Please quote the voice, signs, icons, mood, etc. subtags.
> This means that:
> - "fr-Latn-fr" is the default tag based upon ISO
639-1/2/3
> - "x-fran" is a private use tag based upon ISO 639-6
> - "0-jefsey.com:franver" is my vision of the French at the
Palace of
> Versailles. Documented by an ISO 11179 conformant system (see
below)
Two comments: First, Mr. Morfin suggested within the LTRU WG that
the
syntax for language tags should be loosened to permit additional
characters, such as "." and ":".
This is a false affirmation. I did two things:
- benefiting from the marvelous capacity to direct the WG-ltru decisions
in proposing the necessary opposite, I made sure the ABNF would be fool
proof (this is not yet exactly the case as they did not always find the
proper [cf. Peter] "constraints".
- I supported the proposition of an African searcher (they treated of
troll) to reconcile the desire of a strict ABNF expressed by the WG
affinity group and the users, R&D and innovation (following ISO
evolution) support to use the URI-tags RFC in proposing first to use the
"private use" area. As indicated, a remark shown me it was a
wrong choice, the private use area also addressing other needs.
I then came to the conclusion that using the present Draft as a default
non exclusive solution, and some reserved numeric "singleton"
as the hooks for URI-tags was preserving the work made by the WG, while
addressing the needs of the rest of the world, avoiding an unnecessary
conflict.
The remainder of the WG was
in
consensus that this was unacceptable due to backward incompatibility
with processes designed to conform to RFC 3066.

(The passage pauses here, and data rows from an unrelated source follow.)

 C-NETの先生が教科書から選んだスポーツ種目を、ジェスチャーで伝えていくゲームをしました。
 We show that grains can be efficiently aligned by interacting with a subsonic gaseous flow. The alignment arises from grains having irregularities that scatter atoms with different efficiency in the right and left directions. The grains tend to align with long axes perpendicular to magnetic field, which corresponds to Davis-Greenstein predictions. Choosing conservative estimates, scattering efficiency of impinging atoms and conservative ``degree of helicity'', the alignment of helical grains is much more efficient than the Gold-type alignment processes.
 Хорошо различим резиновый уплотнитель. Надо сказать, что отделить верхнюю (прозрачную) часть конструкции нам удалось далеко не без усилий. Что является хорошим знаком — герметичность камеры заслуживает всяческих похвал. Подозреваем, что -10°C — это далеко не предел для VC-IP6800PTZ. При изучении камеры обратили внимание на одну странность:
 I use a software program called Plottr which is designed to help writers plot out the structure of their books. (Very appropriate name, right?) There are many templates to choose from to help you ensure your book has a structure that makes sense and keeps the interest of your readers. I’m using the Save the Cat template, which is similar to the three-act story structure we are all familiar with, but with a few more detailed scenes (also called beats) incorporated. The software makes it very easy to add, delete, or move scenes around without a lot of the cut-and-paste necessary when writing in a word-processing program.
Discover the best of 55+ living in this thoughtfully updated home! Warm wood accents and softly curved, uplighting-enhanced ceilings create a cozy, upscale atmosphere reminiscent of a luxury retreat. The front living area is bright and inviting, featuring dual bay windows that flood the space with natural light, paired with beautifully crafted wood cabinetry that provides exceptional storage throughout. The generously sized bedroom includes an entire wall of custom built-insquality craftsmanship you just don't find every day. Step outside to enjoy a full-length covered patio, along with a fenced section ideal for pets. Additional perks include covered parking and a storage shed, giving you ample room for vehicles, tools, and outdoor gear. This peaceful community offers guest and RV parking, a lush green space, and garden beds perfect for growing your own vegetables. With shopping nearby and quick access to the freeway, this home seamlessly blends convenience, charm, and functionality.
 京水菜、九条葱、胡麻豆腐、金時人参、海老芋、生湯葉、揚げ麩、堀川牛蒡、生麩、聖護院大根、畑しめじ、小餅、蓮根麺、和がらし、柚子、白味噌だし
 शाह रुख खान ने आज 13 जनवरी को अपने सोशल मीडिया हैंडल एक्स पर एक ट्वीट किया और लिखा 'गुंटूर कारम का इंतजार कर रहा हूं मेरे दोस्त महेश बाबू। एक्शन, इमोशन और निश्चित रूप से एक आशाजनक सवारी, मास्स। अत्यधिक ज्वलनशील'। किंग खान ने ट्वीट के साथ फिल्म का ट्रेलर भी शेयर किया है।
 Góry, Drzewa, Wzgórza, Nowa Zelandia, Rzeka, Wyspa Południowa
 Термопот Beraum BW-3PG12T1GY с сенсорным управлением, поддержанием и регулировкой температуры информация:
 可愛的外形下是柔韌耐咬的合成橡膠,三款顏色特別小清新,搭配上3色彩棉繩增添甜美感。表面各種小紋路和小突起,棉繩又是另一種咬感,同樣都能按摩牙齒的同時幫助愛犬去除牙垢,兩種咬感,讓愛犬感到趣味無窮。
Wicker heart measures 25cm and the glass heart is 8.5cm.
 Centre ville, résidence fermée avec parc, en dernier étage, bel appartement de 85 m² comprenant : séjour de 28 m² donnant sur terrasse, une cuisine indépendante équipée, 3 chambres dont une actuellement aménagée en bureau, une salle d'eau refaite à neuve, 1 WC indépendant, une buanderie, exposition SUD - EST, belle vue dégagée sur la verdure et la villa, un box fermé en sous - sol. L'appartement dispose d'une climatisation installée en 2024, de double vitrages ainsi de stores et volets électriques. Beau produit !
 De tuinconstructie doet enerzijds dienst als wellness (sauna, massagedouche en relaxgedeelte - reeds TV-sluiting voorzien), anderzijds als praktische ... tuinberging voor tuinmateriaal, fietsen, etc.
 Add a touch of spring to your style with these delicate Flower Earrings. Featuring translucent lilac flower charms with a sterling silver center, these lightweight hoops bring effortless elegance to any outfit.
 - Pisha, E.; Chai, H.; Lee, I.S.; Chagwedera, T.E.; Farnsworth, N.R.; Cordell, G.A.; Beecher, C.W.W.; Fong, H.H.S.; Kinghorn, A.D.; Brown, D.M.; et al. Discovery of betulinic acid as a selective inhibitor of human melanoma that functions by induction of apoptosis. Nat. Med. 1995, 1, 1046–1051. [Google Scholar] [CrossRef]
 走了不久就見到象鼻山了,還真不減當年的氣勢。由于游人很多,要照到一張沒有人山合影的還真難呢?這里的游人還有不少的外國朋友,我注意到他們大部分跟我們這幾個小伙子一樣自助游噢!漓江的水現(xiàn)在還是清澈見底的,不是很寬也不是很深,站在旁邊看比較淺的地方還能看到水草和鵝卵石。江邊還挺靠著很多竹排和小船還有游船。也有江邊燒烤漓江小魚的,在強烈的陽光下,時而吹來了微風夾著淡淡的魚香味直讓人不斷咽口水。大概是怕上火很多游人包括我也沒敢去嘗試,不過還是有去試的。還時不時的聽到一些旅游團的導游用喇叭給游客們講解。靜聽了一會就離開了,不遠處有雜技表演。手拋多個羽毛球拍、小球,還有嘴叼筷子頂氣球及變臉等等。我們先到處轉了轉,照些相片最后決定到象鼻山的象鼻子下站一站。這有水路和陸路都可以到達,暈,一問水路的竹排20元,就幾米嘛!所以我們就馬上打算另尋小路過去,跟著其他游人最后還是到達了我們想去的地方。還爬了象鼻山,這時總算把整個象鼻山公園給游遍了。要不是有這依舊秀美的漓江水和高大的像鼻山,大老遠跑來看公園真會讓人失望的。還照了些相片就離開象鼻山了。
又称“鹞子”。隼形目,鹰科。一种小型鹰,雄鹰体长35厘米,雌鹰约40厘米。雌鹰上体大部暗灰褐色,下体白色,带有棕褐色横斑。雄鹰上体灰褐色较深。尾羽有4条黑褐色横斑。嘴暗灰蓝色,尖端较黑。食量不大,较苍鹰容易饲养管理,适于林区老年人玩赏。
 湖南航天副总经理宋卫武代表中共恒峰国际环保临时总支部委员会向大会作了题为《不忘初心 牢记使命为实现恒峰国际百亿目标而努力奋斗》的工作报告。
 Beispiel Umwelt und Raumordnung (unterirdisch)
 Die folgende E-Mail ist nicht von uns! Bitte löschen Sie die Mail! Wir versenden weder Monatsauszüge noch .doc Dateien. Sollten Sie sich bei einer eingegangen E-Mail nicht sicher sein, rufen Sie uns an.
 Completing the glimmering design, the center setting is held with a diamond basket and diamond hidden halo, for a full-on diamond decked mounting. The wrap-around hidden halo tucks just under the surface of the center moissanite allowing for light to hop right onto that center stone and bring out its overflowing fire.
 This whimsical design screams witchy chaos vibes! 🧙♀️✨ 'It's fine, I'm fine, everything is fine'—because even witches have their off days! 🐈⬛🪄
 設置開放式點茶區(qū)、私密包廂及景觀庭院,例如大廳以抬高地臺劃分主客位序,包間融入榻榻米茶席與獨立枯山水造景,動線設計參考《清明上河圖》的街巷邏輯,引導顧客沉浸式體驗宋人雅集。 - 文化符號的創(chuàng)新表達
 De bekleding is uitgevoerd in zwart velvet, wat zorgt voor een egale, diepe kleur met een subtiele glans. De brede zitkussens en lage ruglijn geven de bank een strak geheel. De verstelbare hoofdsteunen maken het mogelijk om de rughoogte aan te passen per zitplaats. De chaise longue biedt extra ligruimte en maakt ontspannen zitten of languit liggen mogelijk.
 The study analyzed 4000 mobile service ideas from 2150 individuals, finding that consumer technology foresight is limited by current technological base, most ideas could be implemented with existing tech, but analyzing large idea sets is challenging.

Secondly, Mr. Morfin has repeatedly made mention of ISO 11179, a
series
of ISO standards on metadata and metadata registries, indicating his
view that language tags used on the Internet should be maintained in
a
registry conformant with ISO 11179, and therefore that the draft
should
make reference to those standards. He has also, on several occasions
such as his comments above, cited ISO 11179 in relation to his views
in
a manner that appears to be intended to suggest that his views are
superior to the draft because he has cited that series of standards
while the draft does not. 
The Draft addresses targets you defined a long ago. It was presented
privately (twice) and is now presented as a WG document.  The
document having not changed, one can expect that it keeps the same
targets. You consider it addresses them "all". 
There can therefore be no "superior" views. There are different
targets. My target is protect the R&D, users, and Internet
innovation. 
In a nutshell, I do _not_ believe that a draft crafted by a few
individuals can supports all the relevant distinctions needed to describe
the linguistic and written-form attributes of content as may be needed
for all purposes, commercial and otherwise. And I want to protect other
searchers and cultures' right to have their own solutions,
_without_conflict_ and detriment to _your_solution_.
The real solution is IRI-tags we will document as soon as the URI-tags
RFC is published. But that will create a deployment conflict with your
application, due to your sponsors. No one needs that.
A reality check is in need
here:
- While Mr. Morfin cites ISO 11179, he has never made statements 
  that clearly indicate that he actually understands those
standards.
I propose everyone having time to spend to rea

Re: [Ltru] RE: STD (was: Last Call: 'Tags for Identifying Languages'toBCP)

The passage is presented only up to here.